We have previously issued our opinion dated June 16, 1988 (the "1988
Opinion") and addressed to the Board of Directors of the Company (the "Board")
relating to the rights to purchase the Company's Cumulative Participating
Preferred Stock, Series E, par value $20.00 (the "Original Rights"). Effective
February 3, 1997, the Original Rights have been redesignated as Circuit City
Group Rights. The 1988 Opinion is filed as Exhibit 5 to the Company's
Registration Statement on Form S-8 (Registration No. 033-64757), which became
effective on December 5, 1995. In addition, we have issued our opinion dated
January 14, 1997 (the "1997 Opinion") and addressed to the Board relating to the
Circuit City Group Rights, a copy of which is filed as Exhibit 5.1 to the
Company's Registration Statement on Form S-3 (Registration No. 333-15995), which
became effective on February 4, 1997. Our opinions contained herein relating to
the Circuit City Group Rights are subject to all of the assumptions and
qualifications contained in the 1988 Opinion, as if such opinion related to the
Circuit City Group Rights, and the 1997 Opinion.

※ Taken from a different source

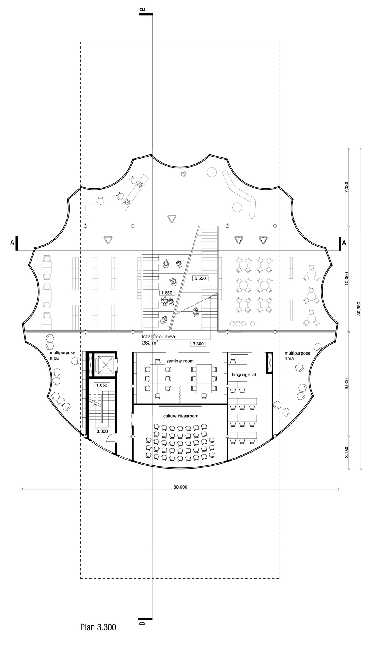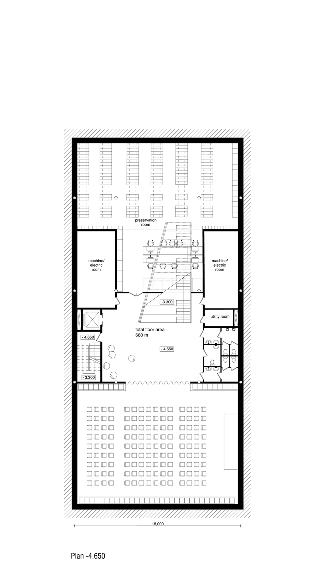 Among the basement floor spaces is a preservation room and the multipurpose room. The latter includes six scenarios of space organization. These are recreation, two-, three- or combined lecture space, performance and exhibition space. The stairs, if necessary, can be transformed into an amphitheater with a hall area expanding the lecture/exhibition room. A sliding wall could be used as a projection screen. Due to space adaptability it is possible to hold several events simultaneously. A lifelong study space, just as the exhibition/lecture room, is at minimal distance from the entrance. It is located in the entresol between the ground floor and the first floor occupying almost a half of cylindrical volume of the library.

In rendering this opinion, we have examined such certificates of public
officials, certificates of officers of the Company, documents and records of the
Company (or copies of such documents and records certified to our satisfaction)
and such other documents, certificates, records and papers as we have deemed
necessary as a basis for such opinion.
Based on the foregoing and on such legal considerations that we deem
relevant, we are of the opinion that:
1. The shares of Circuit City Group Stock, when issued and sold in
accordance with the terms and provisions of the Plan, will be validly issued,
fully paid and nonassessable.
2. All corporate actions required under the laws of the Commonwealth of
Virginia have been taken for the Circuit City Group Rights, when issued in
accordance with the terms and provisions of the Amended and Restated Rights
Agreement dated February 3, 1997 between the Company and Norwest Bank Minnesota,
N.A., as Rights Agent, to be validly issued.
We consent to the filing of this opinion as Exhibit 5 to the
Registration Statement.
Very truly yours,
/s/MCGUIRE, WOODS, BATTLE & BOOTHE, L.L.P.